Arman dan Harun-Indira hanya bisa menggeleng-gelengkan kepala penuh emosi. Mereka menatap Richard dengan pandangan campur aduk antara jijik dan tak percaya. Para guru yang berpihak pada Alea, yang diam-diam menyaksikan dari luar ruangan, saling berpandangan heran. Dalam hati mereka semua berkata, orang tua macam apa Richard Amstrong ini? Tidak menyayangi anak gadisnya sendiri.
Dua hari setelah insiden di sekolah, Richard Amstrong diam-diam menyiapkan kejutan untuk Tiara Amstrong. Sebuah pesta ulang tahun ke 15 yang mewah dan megah dirancang di salah satu hotel termewah di kota. Richard mengundang seluruh rekan bisnisnya, teman-temannya, serta para awak media sosial dan media cetak. Pesta itu bukan hanya perayaan, tapi juga panggung untuk dirinya.
Di tengah gemerlap pesta, sebelum acara puncak tiup lilin, Richard Amstrong naik ke atas panggung. Dengan mikrofon di tangan, ia melakukan konferensi pers dadakan. Senyum penuh kebanggaan terukir di wajahnya.
"Selamat malam hadirin sekalian," suara Richard Amstrong menggema di seluruh aula. "Malam ini, adalah malam yang sangat spesial bagi keluarga kami. Malam ini, putri saya tercinta, Tiara Amstrong, merayakan ulang tahunnya yang ke 15." Ia mengusap rambut Tiara yang berdiri di sampingnya. "Tiara adalah putri satu-satunya saya. Dia adalah satu-satunya ahli waris dan penerus saya."
Pernyataan Richard dihadapan para awak media membuat gempar dan heboh, terutama di kalangan rekan kerja dan para sahabat juga teman Richard yang mengetahui kisah hidupnya. Mereka semua tau jika Alea adalah putri kandung Richard dan Rosalind. Namun mengapa Richard tak mengakuinya ? Beragam dugaan dan spekulasi berhembus dikalangan para undangan pesta ulang tahun Tiara.
Jantung Alea serasa diremas. Di kamar VVIP rumah sakit, ia menyaksikan konferensi pers itu melalui siaran langsung di televisi. Setiap kata Richard Amstrong menusuk ulu hatinya.

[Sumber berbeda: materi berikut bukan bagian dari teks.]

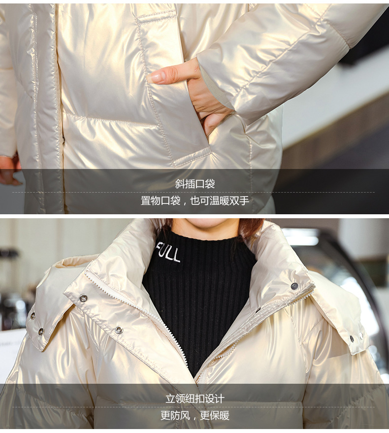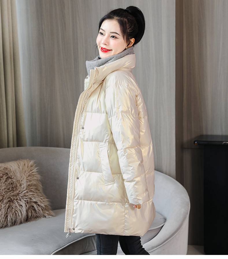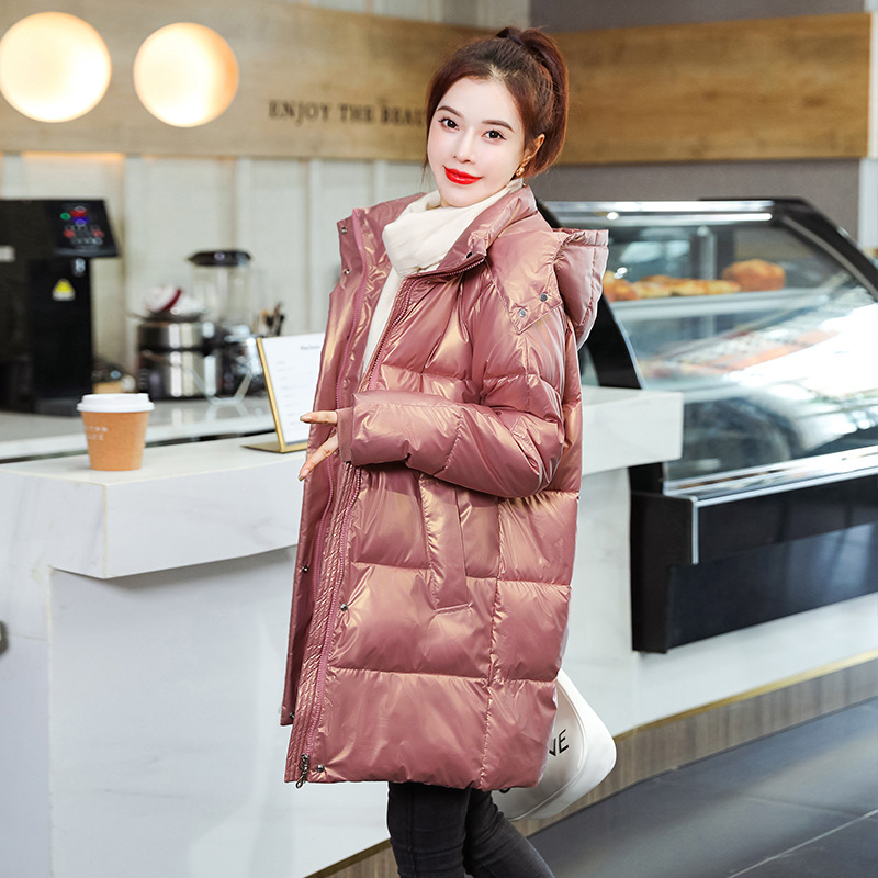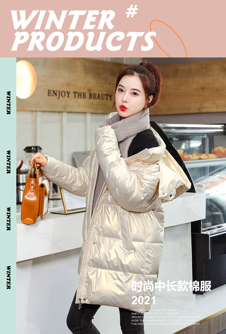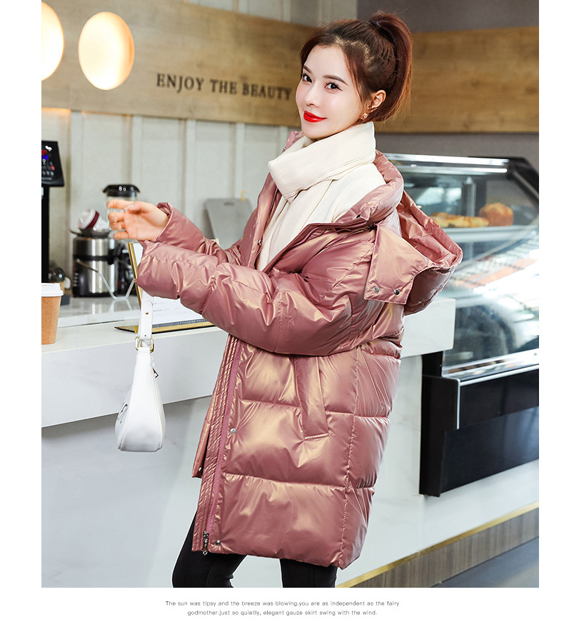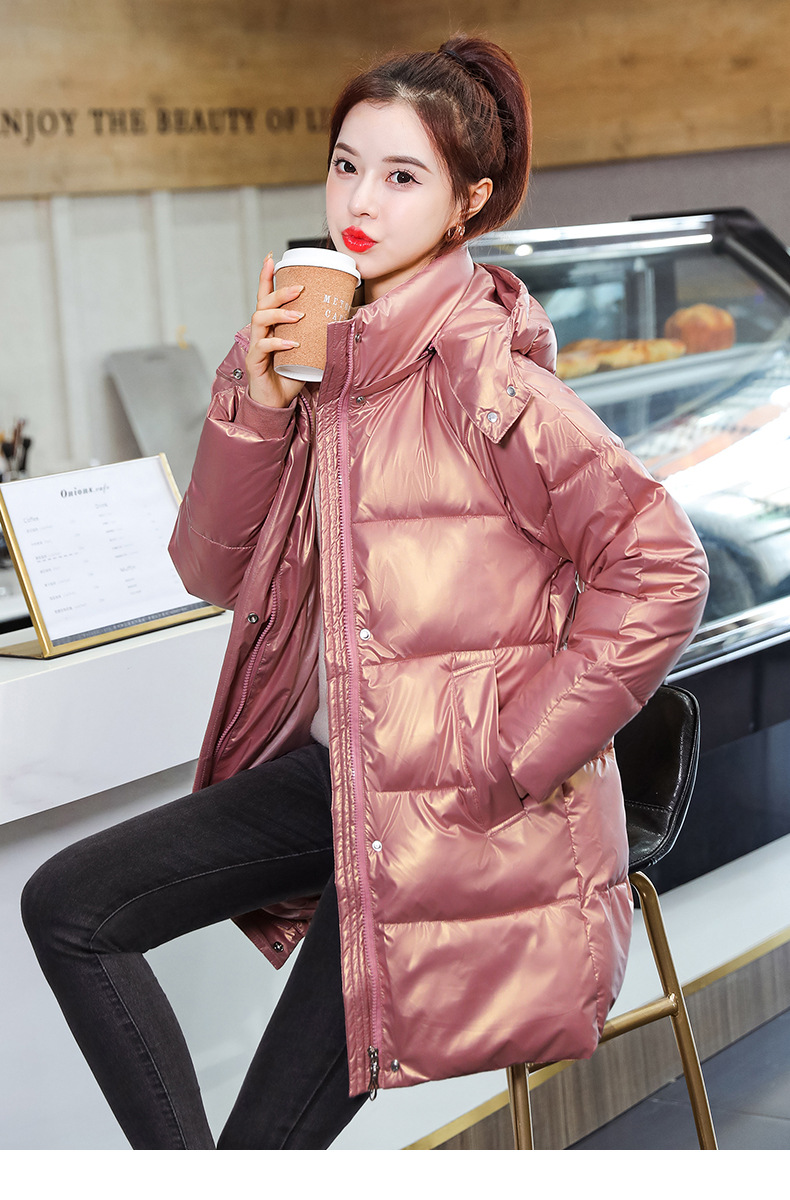 2025 겨울 새로운 스타일 광택 노워시 다운 코튼 코트 여성 중간 길이 한국 스타일 후드 코튼 코트 두꺼운 코튼 코트

"Saya sekali lagi ingin menegaskan, di hadapan Anda semua," lanjut Richard Amstrong, nadanya penuh penekanan, "Saya tidak memiliki putri lain selain Tiara Amstrong. Mengenai gadis bernama Alea Lily Amstrong, yang belakangan ini menjadi perbincangan... dia hanyalah anak dari pembantu rumah tangga kami, Bi Ijah. Keluarga kami membiayai pendidikannya dan memberinya tempat tinggal dan menyematkan nama Amstrong di belakang nama nya karena rasa kasihan. Itu saja."
Kata-kata itu menghantam Alea seperti palu godam. Anak pembantu. Karena kasihan. Selama ini ia sudah terbiasa dengan perlakuan kejam mereka, tapi penghinaan di depan publik, disiarkan ke seluruh kota, adalah batas terakhir. Amarah yang selama ini ia pendam, yang ia coba kendalikan, kini meledak.
Wajah Alea memerah padam. Matanya berkilat menahan air mata yang mendidih menjadi kebencian. Tanpa mempedulikan pelipisnya yang masih berbalut perban, atau memar di tubuhnya, Alea bangkit dari ranjangnya. Tekad membara menguasai setiap serat tubuhnya.
"Richard Amstrong... Kau akan menyesal."
Dengan langkah pasti, Alea keluar dari kamar, menuju lift. Ia tidak peduli pada siapapun yang melihatnya. Tujuannya hanya satu: Hotel tempat pesta itu. Ia akan membuat Richard Amstrong menyesali setiap kata yang terucap.
Alea terus berjalan, amarahnya menuntun setiap langkahnya. Pintu hotel mewah menjulang di depannya, di mana suara musik dan tawa riuh terdengar. Cahaya kamera masih berkedip-kedip, menyoroti panggung tempat Richard Amstrong dan keluarganya, dengan Tiara di tengah, bersiap untuk meniup lilin ulang tahunnya. Pesta yang megah itu akan segera berubah menjadi neraka bagi mereka.